Perham Resident Launches Celebrate U Outreach for Rural Homeless
Jesse Bommersbach, a Perham resident in long-term recovery from addiction and homelessness, founded Celebrate U, a faith-based outreach that delivers food, clothing and care packages to people living unsheltered across a corridor from Fargo to Wadena. The effort fills a local service gap by supplying winter gear and basic necessities while recruiting volunteers and donations to sustain ongoing runs and related community programs.

Jesse Bommersbach began Celebrate U after years of personal struggle with addiction, homelessness and time in prison. His recovery included participation in the Minnesota Adult & Teen Challenge program and several years of sobriety, experiences he says informed the design of the outreach. Today Celebrate U operates as a volunteer-run, faith-based effort that distributes care bundles and coordinates with existing local charities to reach people experiencing homelessness from Fargo through Perham to Wadena.
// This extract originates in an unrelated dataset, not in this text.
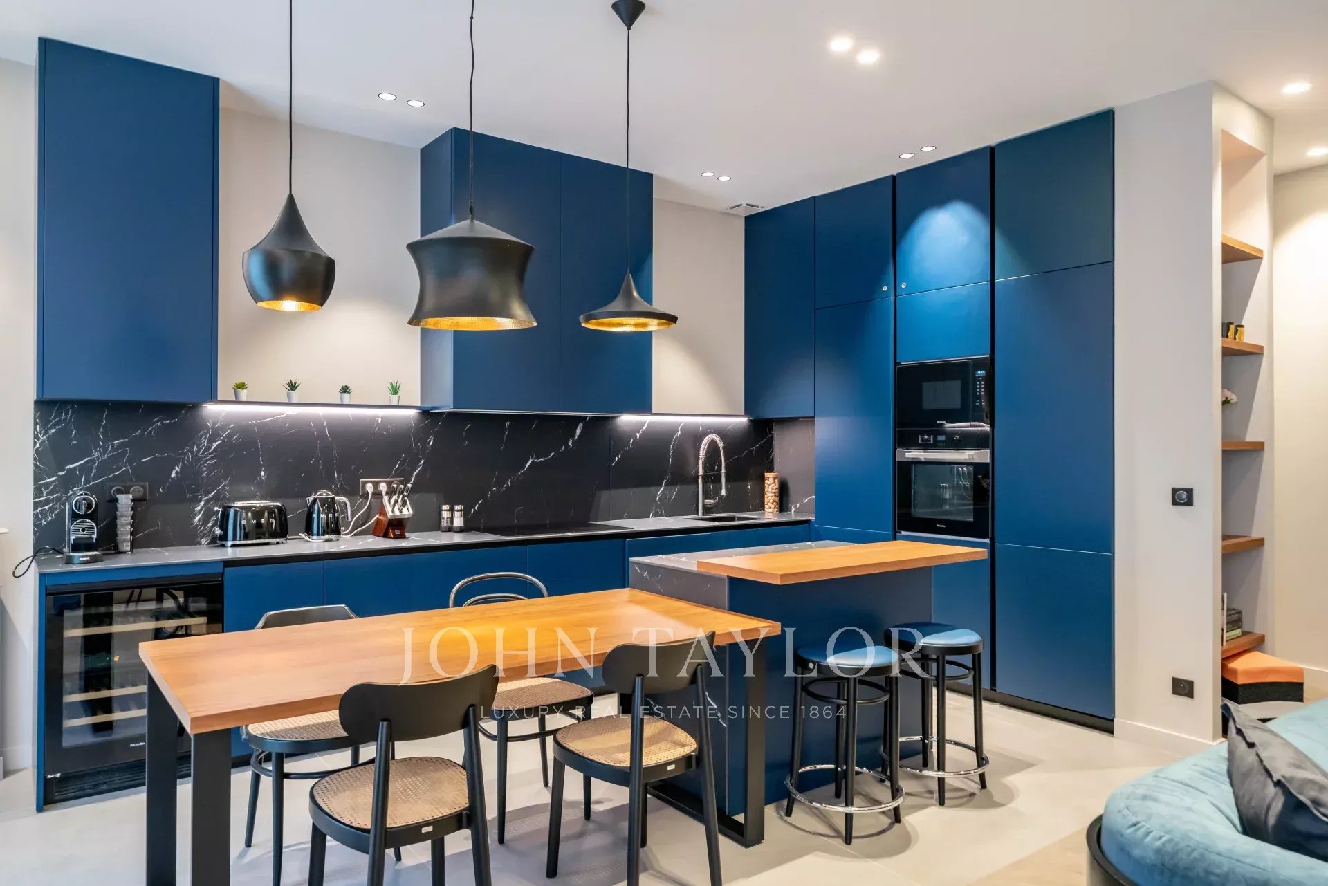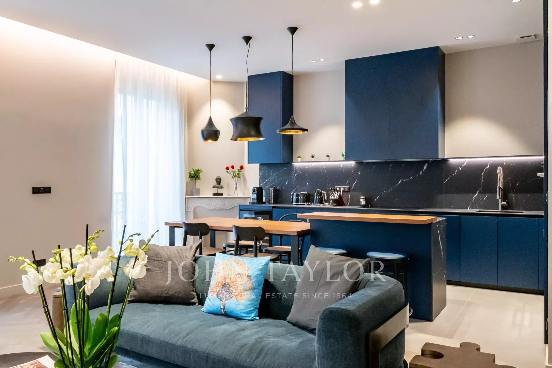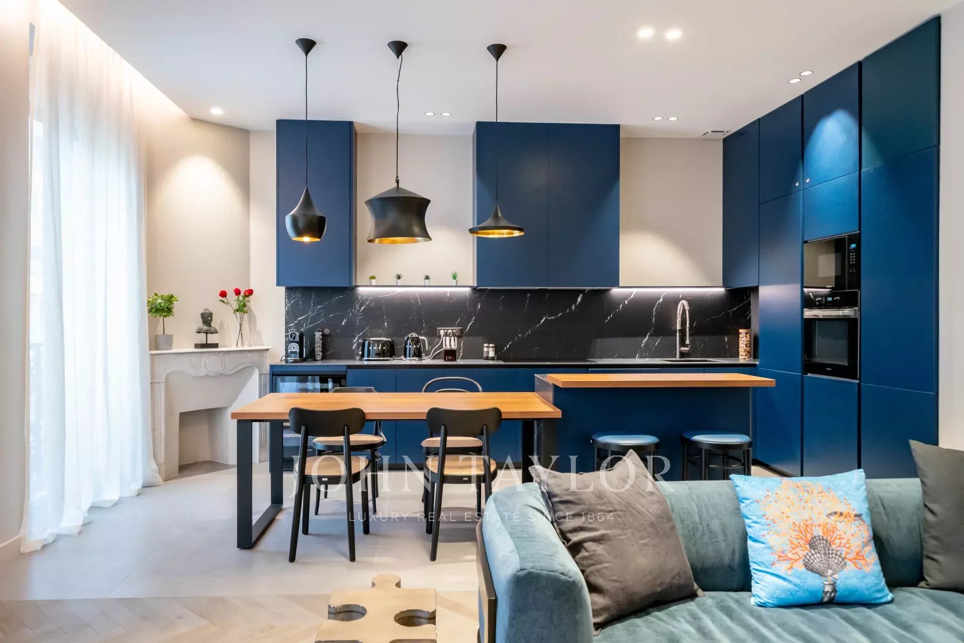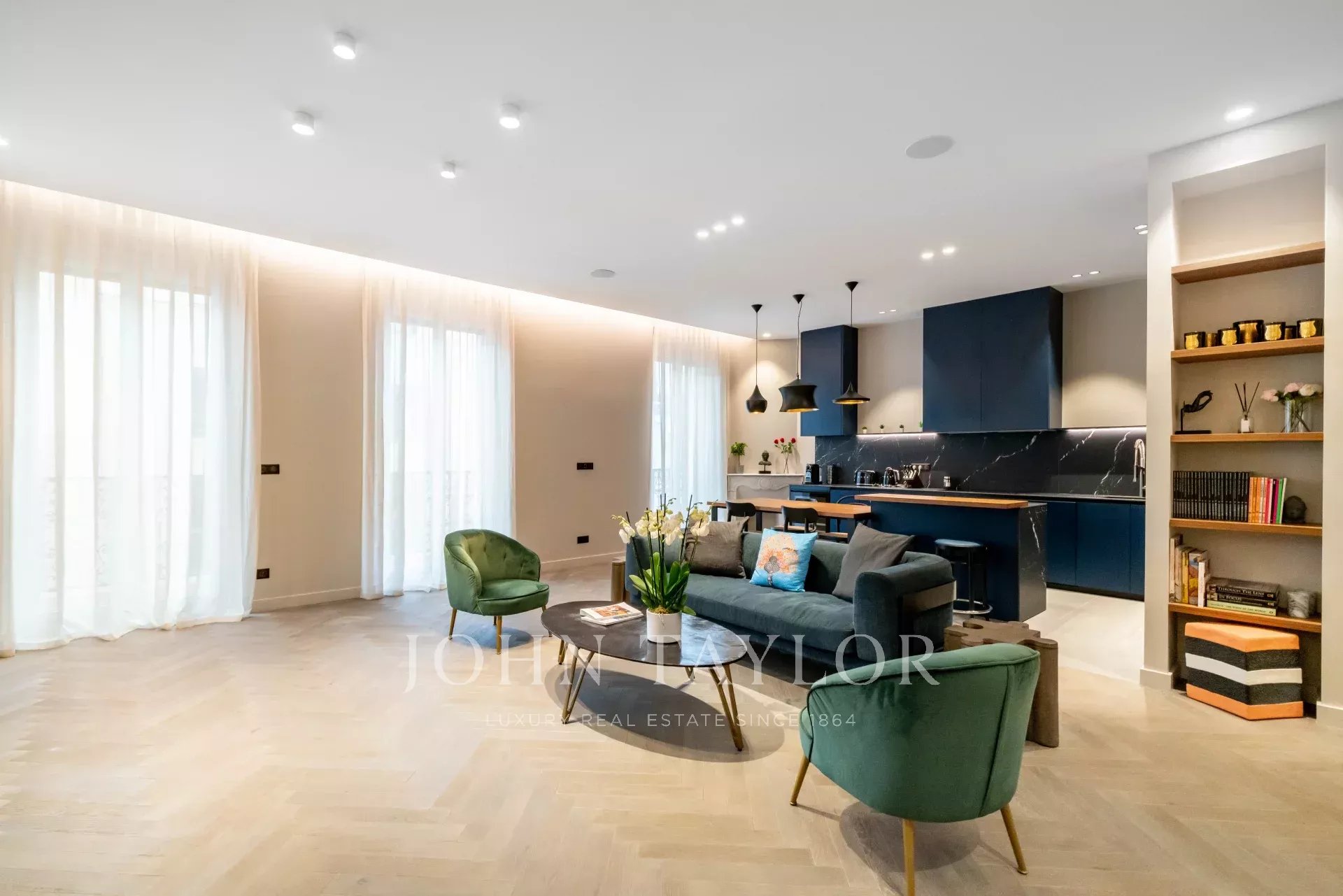 appartement de 3 pièces de 100 m2 entièrement rénovée avec salon, salle à manger ouvert sur cuisine et 2 chambres avec 2 salle de douches.

Celebrate U’s standard outreach bundle includes a sleeping bag, winter clothing, snack items and a Bible, assembled for distribution on regular runs along the corridor. The bundles are intended to address immediate needs during cold months while providing a point of contact for longer-term support. In Perham, Bommersbach also helps sustain Ruby’s Pantry distributions, integrating food assistance with the outreach’s mobile work.
The program relies on donations and volunteers to cover costs and logistics. Bommersbach works multiple jobs, including positions at BTD and Perham 180, to support both his family and the outreach. He has reconnected with his family and is pursuing longer-term goals that include chaplaincy and outreach inside prisons and jails, extending the model that helped his own recovery.
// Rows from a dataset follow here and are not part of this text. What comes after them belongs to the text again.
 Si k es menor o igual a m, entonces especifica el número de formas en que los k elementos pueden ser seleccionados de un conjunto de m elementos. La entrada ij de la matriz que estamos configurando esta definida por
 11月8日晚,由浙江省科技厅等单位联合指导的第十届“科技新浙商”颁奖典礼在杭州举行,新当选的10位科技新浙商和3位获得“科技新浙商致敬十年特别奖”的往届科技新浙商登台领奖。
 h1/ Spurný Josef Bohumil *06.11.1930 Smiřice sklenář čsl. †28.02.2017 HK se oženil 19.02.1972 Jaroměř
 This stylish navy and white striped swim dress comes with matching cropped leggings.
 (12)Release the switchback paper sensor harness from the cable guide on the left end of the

Celebrate U’s activity highlights two local realities: rural homelessness often spans multiple towns and counties, and small, volunteer-driven efforts frequently plug gaps left by limited institutional capacity. For Otter Tail County residents, the outreach creates a direct opportunity to contribute practical items and time that translate into immediate relief for neighbors without stable housing. Local churches and community groups can amplify the impact by coordinating donations of winter gear, sleeping bags and nonperishable snacks, and by offering volunteer time for packing and distribution.
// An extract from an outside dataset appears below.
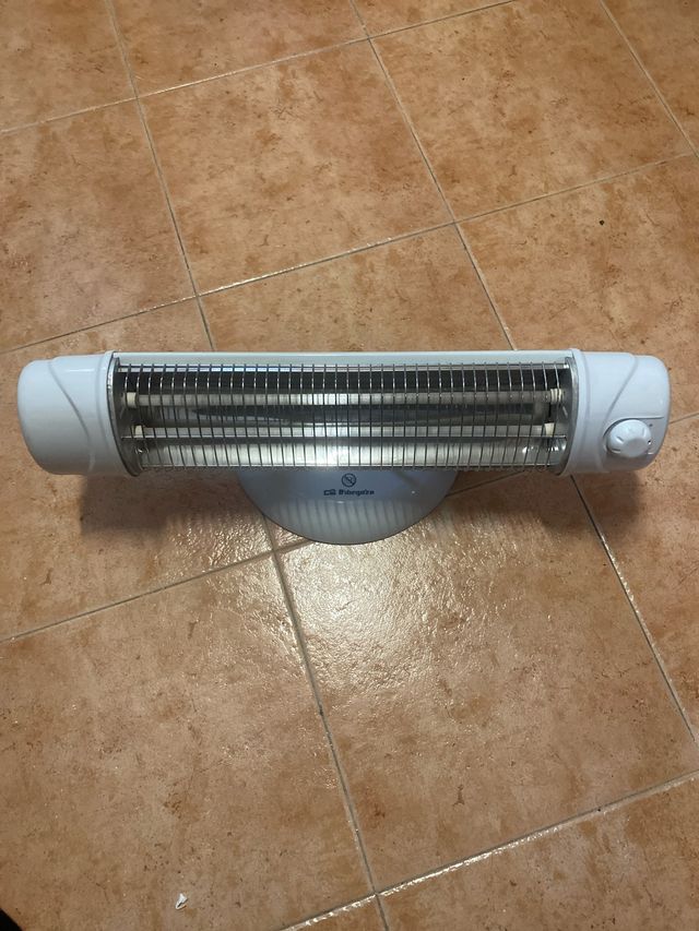 Stufa al quarzo con due resistenze. - Colore bianco - Base circolare - Griglia protettiva

Policy implications are clear: sustaining such grassroots work requires reliable donor support and coordination with county services to ensure people who need longer-term housing, health care and addiction treatment are connected to available resources. Bommersbach’s stated aim to expand into chaplaincy and correctional outreach suggests a continuity model that begins with immediate material aid and moves toward prevention and recovery services for people returning from incarceration.
Celebrate U is operating now and seeks volunteers, donations and partnerships to keep its outreach runs regular through the winter and beyond. For many in Perham and neighboring communities, the group represents a locally rooted response to homelessness that combines faith-based compassion with practical assistance.